Kim’s lawyers said they believed his payout would amount to at least $ 13.7 million, based on the formula outlined by the law, and that the companies might pay deferred fines.

The program ordered by Congress has still not been drawn up, and Kim has still not been paid.

3rd gear: Italian app managers in the most Italian way possible

Italy is perhaps the latest battlefield for the rights of app managers, such as the Financial Times explained in a new report. While America’s current national job crisis revolves around Amazon workers and drivers peeing in bottles, in Italy, it’s chasing fast tickets, as the FT details:

Last year, Daniele, a third-party Amazon delivery manager in Italy, noticed that hundreds of euros’ worth of traffic tickets were deducted from his € 1,600 monthly salary. But far from being a careless driver, he claimed his speeding and parking violations were essential to the company’s demanding schedule.

“We are being held hostage by an algorithm that calculates daily routes for us and requires an average of 140 deliveries during an eight-hour shift,” he said during a strike in Castel San Giovanni last week over working conditions at Amazon. He stood in front of a sign that read, “We are not packages.”

Amazon Italia rejected the proposal that delivery suppliers be put under unnecessary pressure by the company’s algorithm, arguing that its employees are all beneficiaries of national collective bargaining.

But Daniele, who did not want to name his surname, insisted that employees be expected to deliver one package every three minutes. Of course we drive, or we park the van on driveways, and then the company makes us pay fines. ”

I like the comedy of Italian app drivers demanding that their speeding tickets be covered as labor costs, but that has a point. App managers work for their apps, they work as employees, they earn money for their apps like employees, but are not treated with the same benefits as employees.

4th gear: Ford Execs still gets pandemic bonuses

I’m not here to judge whether any Ford driver deserves a bonus after struggling to launch a handful of cars through the pandemic.

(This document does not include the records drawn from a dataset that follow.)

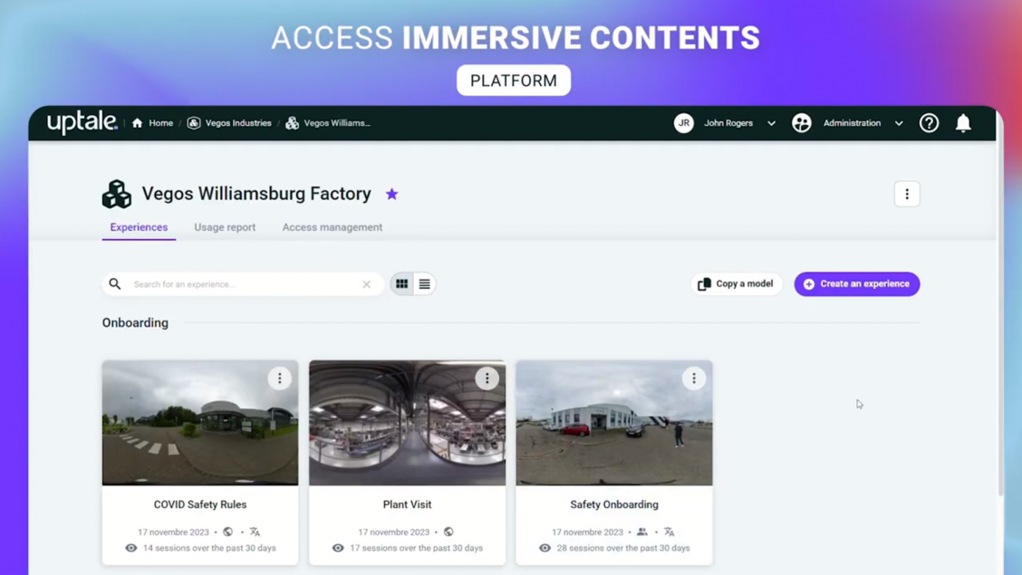 Uptale provides a platform for anyone without a technical background to create, deliver and analyze training experiences in 360°and Virtual Reality in a measurable and scalable way.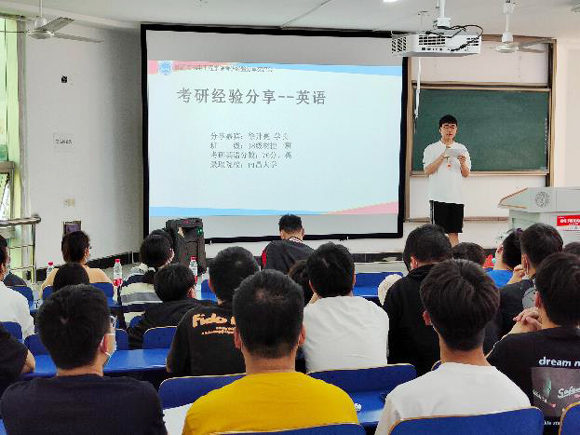 在考研经验交流会专场,考入重庆大学的周泽宇同学、中南大学的罗锃同学、南京航空航天大学的邱恩鹏同学、湘潭大学的邱丹同学和广西大学的何浩宇同学结合自身考研经历,从目标院校选择、方向选取、备考过程、效率提升、心态调整和考研复试注意事项等方面进行了全面阐述,为学弟学妹们勾画了一幅考研全过程画卷。周辉同学、徐升亮同学、郑茂清同学、廖常辉同学和罗玲同学分别以他们的角度各展所长,分别就、数学、英语、专业课、政治的备考复习向学弟学妹们传授了备考经验。最后,自由问答环节,同学们就听了学长学姐经验发言后心中仍然存在的疑惑大胆提问,学长学姐们耐心细致地为同学们答疑解惑,使同学们对考研有了更具体更清晰的认识,更加坚定了考研必胜的信心。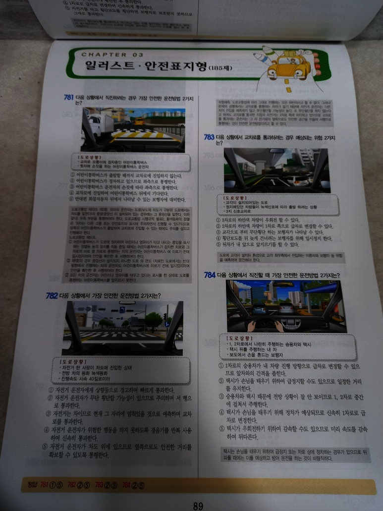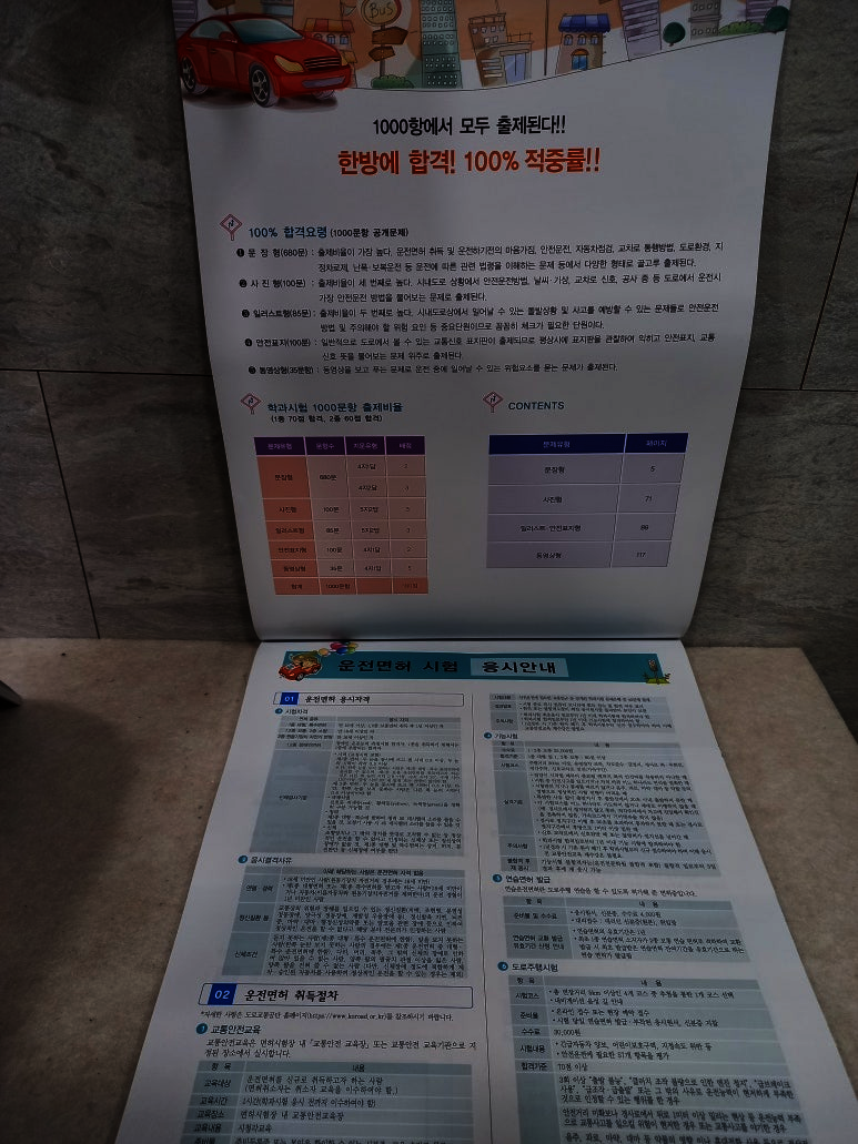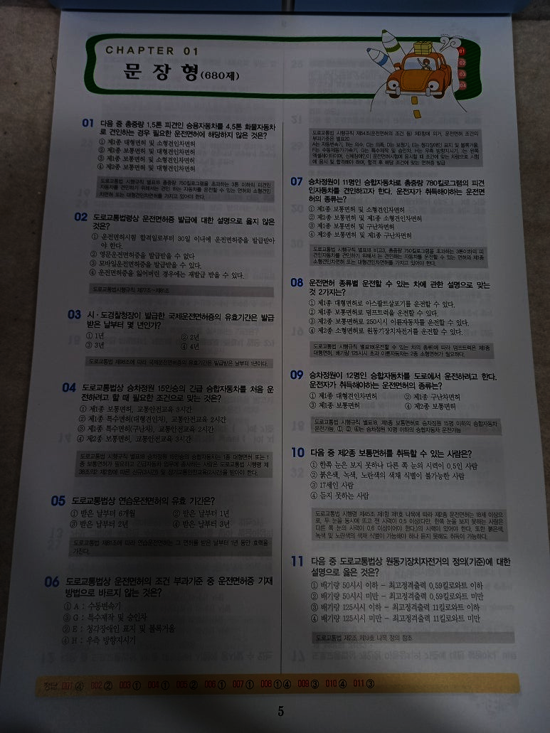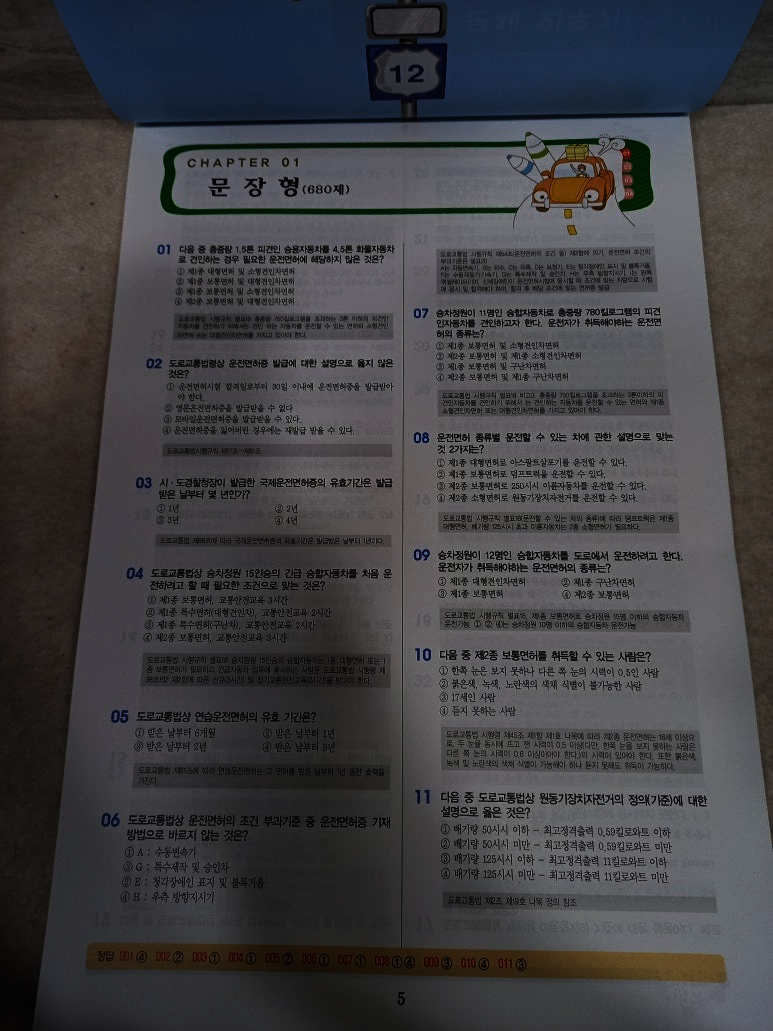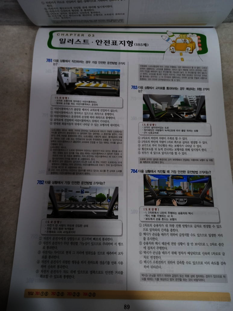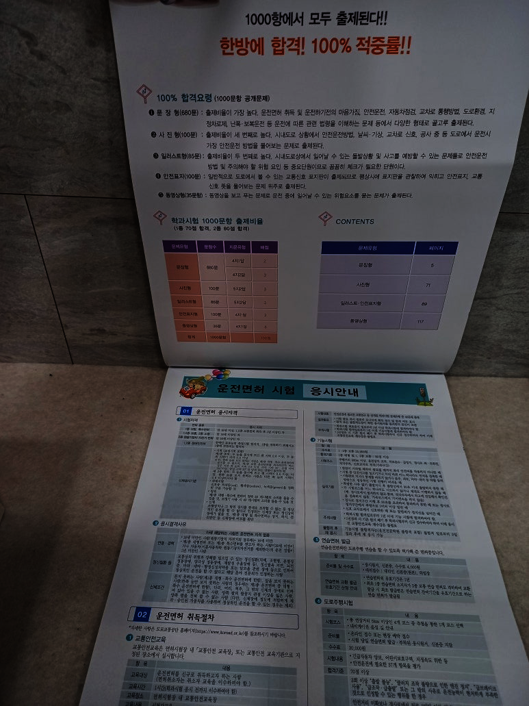 문제집을 펼쳐보면 운전면허 필기시험에 대한 기본적인 내용들이 수록되어 있습니다.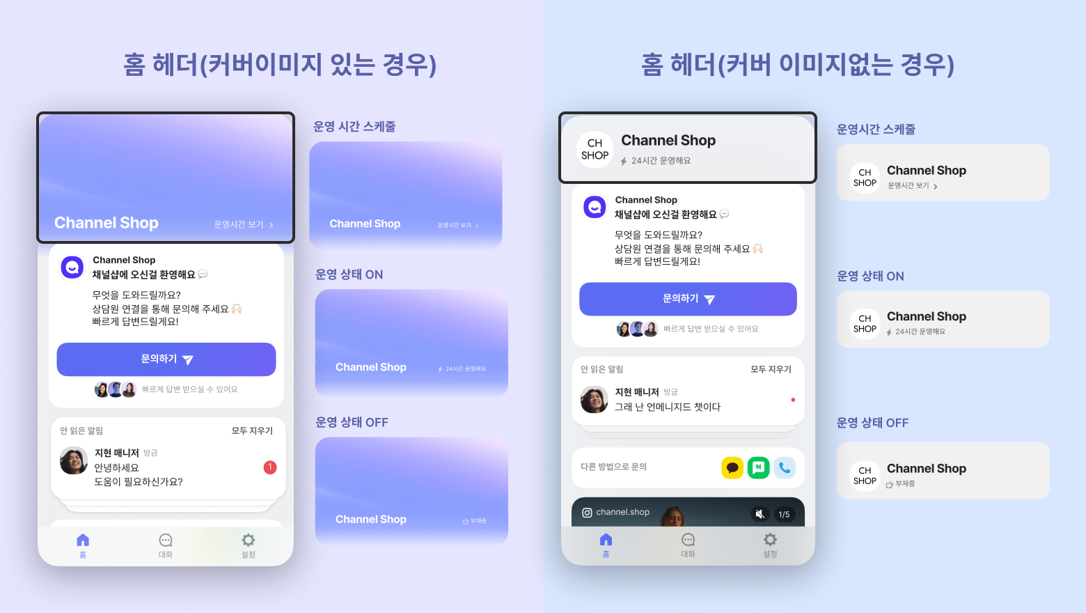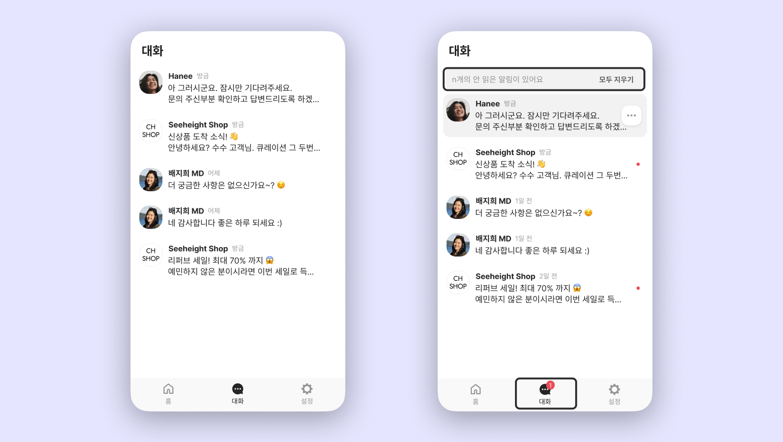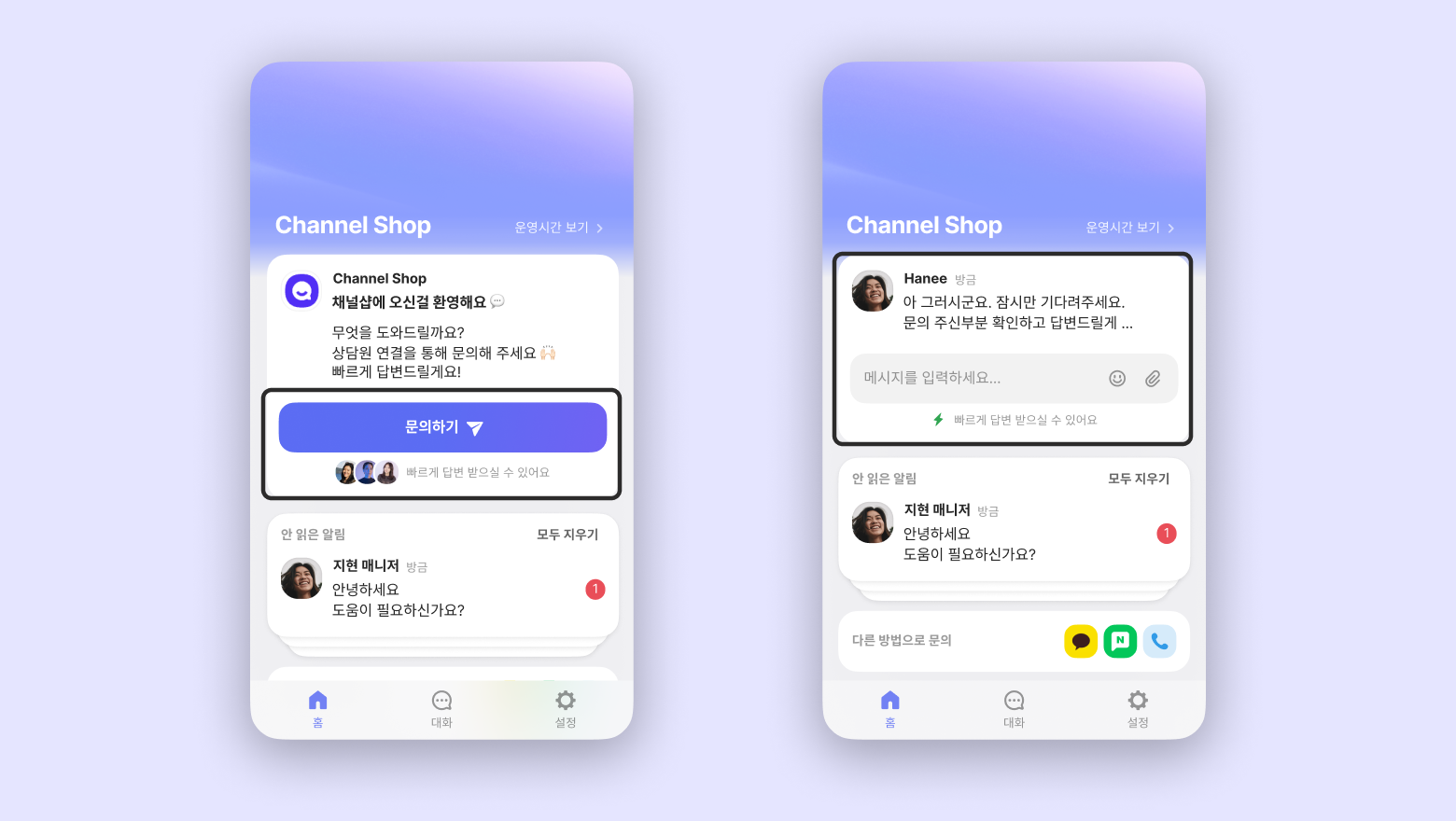 안 읽은 메시지가 있을 경우 안 읽음 알림 상담 창도 홈 탭에 함께 보입니다.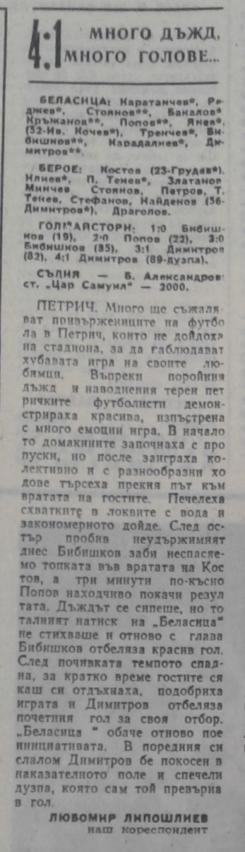 «Беласица» Петрич - «Берое» Стара-Загора - 4:1

I’m just here to tell you how much more they earn, via Motor News:

Ford Motor Co. ‘s top executives achieved less than a quarter of their performance targets in 2020, up from 54 percent the previous year, but the carmaker’s remuneration committee changed the criteria for in-flight bonuses to reward some leaders for their response to the pandemic.

Jim Hackett, who retired as CEO on October 1, received the biggest pandemic bonus: $ 1.26 million. His successor, Jim Farley, received $ 685,330. Executive Chairman Bill Ford – whose achievements in the company’s power of attorney submission are named as the industry leader of the year, among others Motor News – received an extra $ 405,000.

5th gear: BMW, Volvo, and others are against deep-sea mining

I do not know if the exploitation of the seabed is the biggest possible problem facing the world today, but it scares the shit out of me. A number of companies, including BMW and Volvo, are also opposed to it, such as the BBC reports:

For years, it was only environmental groups that objected to the idea of ​​digging up metals from the deep sea, but now BMW, Volvo, Google and Samsung are giving their weight to the calls for a moratorium on the proposals. behind the deep-sea mining plans, which say the use is more sustainable in the ocean than on land. The concept, first envisioned in the 1960s, is to extract billions of potato-sized rocks called nodules from the abysses of the oceans a few kilometers deep. These nodules are rich in valuable minerals and have long been valued as the source of a new kind of gold rush that could supply the world economy for centuries.